Anyway, as someone who believes that self-help is over-criticised and can sometimes genuinely help people, it interests me that Dunham’s book is being pitched as an ‘advice book’ of witty, intelligent self-help, along the lines of Caitlin Moran’s How To Be A Woman. According to a Guardian story:
The 26-year-old filmmaker told the New Yorker festival that her advice book will contain essays about sex, mortality and food.

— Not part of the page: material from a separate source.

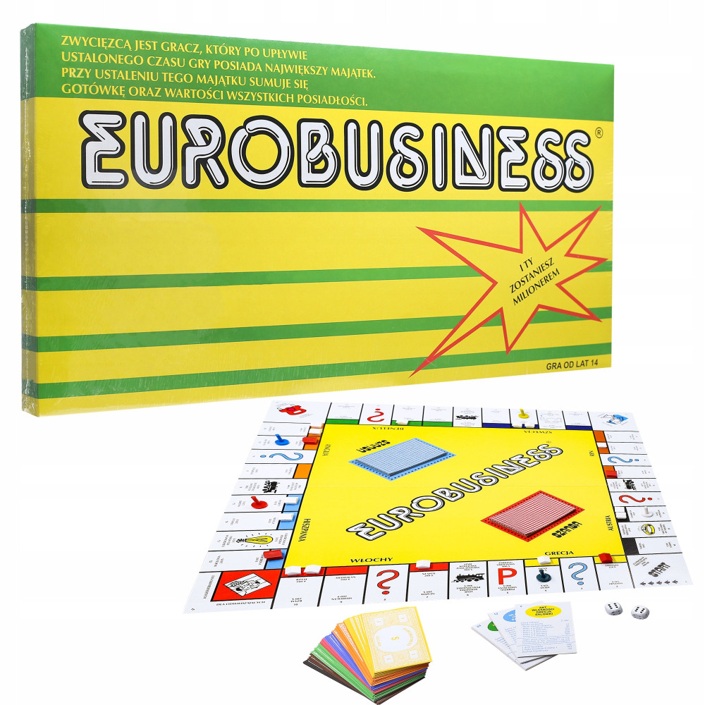 EuroBusiness to nie tylko gra planszowa, to wyzwanie, które dostarcza intensywnych emocji, zaskakujących zwrotów akcji i niepowtarzalnej zabawy. Z mądrymi inwestycjami, kupowaniem i sprzedawaniem nieruchomości oraz trafnymi ocenami sytuacji, możesz zdobyć majątek i zwycięstwo. Zagraj w EUROBIZNES i udowodnij, że masz nie tylko głowę do interesów, ale również talent do zostania milionerem. Gra przeznaczona dla 2-5 graczy, w wieku od 14 lat. Doświadcz jednej z najpopularniejszych gier towarzyskich na świecie i wejdź do ekscytującego świata finansów!

According to the New York Times, a chapter in the proposal reads: “Red lipstick with a sunburn: How to dress for a business meeting and other hard-earned fashion lessons from the size 10 who went to the Met Ball.”
Dunham told the New Yorker that she is a frequent consumer of advice books and has read He’s Just Not That Into You as well as Be Honest – You’re Not That Into Him Either. “I didn’t take either of them seriously, but I was so fascinated by the person who felt like they had gotten to a place where they were literally a dating pro,” Dunham said. “That idea, that you could master the most mysterious emotion and write a book about how to handle it properly.”
It’s interesting she should write an advice book and admit (if that’s the right word) to reading them and finding them useful, considering this scene below, from the second episode of Girls, where one of the girls shares advice from a self-help book, and another of them rails against such books for all their ‘supposed tos’. Jesse says: ‘“I’m offended by all the ‘supposed to’s.’ I don’t like women telling other women what to do, or how to do it, or when to do it.” Meanwhile Lena sits between them taking the centre-ground position (although it is the anti-self-help diatribe that gets the best lines).
It seems like she has a sort of love-hate relationship with self-help, hating its Victorian preachiness and glib generalisations (like ‘sex from behind is demeaning’), but also recognising something that’s good and useful in the tradition: that perhaps sometimes self help books really do help people ‘master mysterious emotions’ and handle tricky situations. Perhaps she is trying to reshape the tradition for a brighter, more savvy and more ironic audience. Self-help for sarcastic New Yorkers, in other words – rather like Oliver Burkeman’s excellent books and articles. Sounds good to me.